Platinum giant Lonmin returns to profit after stormy year

South African Lonmin (LON: LMI), the world's third largest platinum producer, managed to swing back into the black and reach its best output since 2007, despite a turbulent year that saw the company deal with safety stoppages and labour disputes.

The firm said full-year production, sales and cash costs beat its own guidance, posting pre-tax profits of $140 million, which exceeded analysts’ forecasts. Last year, the platinum miner announced pre-tax losses of $698 million.

On top of turbulence caused by union unrest, Lonmin was also affected by renewed violence at its mines, particularly Marikana, where 34 workers were shot and killed by police during a strike in August 2012.

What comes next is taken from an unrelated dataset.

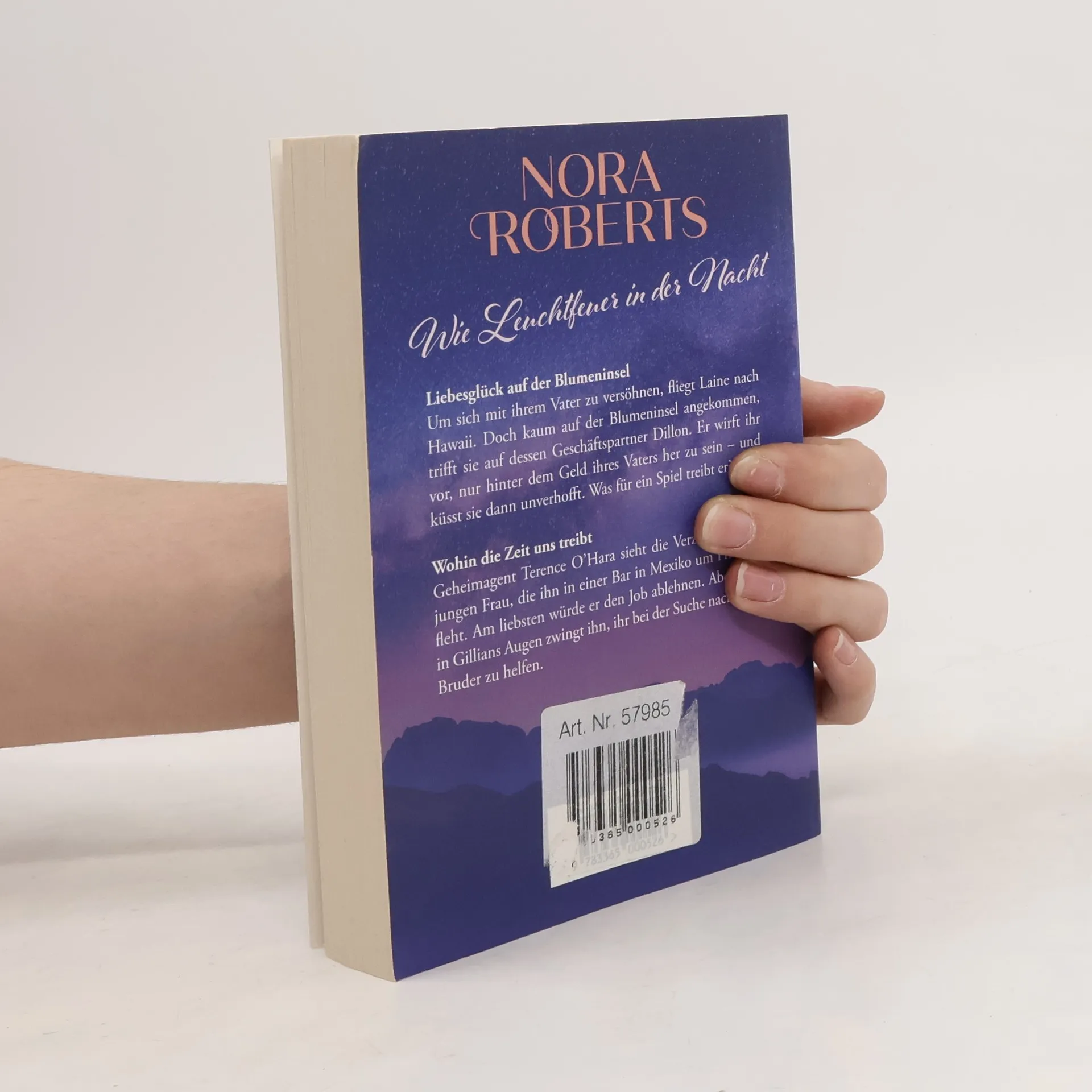 Reise ins Glück der großen Liebe Liebesglück auf der Blumeninsel Um sich mit ihrem Vater zu versöhnen, fliegt Laine nach Hawaii. Doch kaum auf der Blumeninsel angekommen, trifft sie auf dessen Geschäftspartner Dillon. Er wirft ihr vor, nur hinter dem Geld ihres Vaters her zu sein – und küsst sie dann unverhofft. Was für ein Spiel treibt er? Wohin die Zeit uns treibt Geheimagent Terence O Hara sieht die Verzweiflung der jungen Frau, die ihn in einer Bar in Mexiko um Hilfe anfleht. Am liebsten würde er den Job ablehnen. Aber etwas in Gillians Augen zwingt ihn, ihr bei der Suche nach ihrem Bruder zu helfen. »Die beste Autorin auf dem Planeten Erde.« Washington Post »Eine mitreißende Lektüre, die den Wunsch nach mehr weckt.« The Sun

Chief executive Ben Magara, who took on the role in July, has set out a turnaround plan since his appointment, ramping up production and reshuffling the management team.

“What is happening on the ground is very pleasing,” Magara said while delivering the firm’s 2013 final results. “We still need productivity to come up . . . we need to move from creating operational credibility into operational excellence.”

Lonmin said it is maintaining next year’s guidance of sales above 750,000 ounces and capital expenditure of $210 million, in line with the renewal plan.

The miner remains in challenging wage negotiations with the Association of Mineworkers and Construction Union (AMCU), which has grown rapidly to dominate the platinum sector in the wake of last year’s strikes.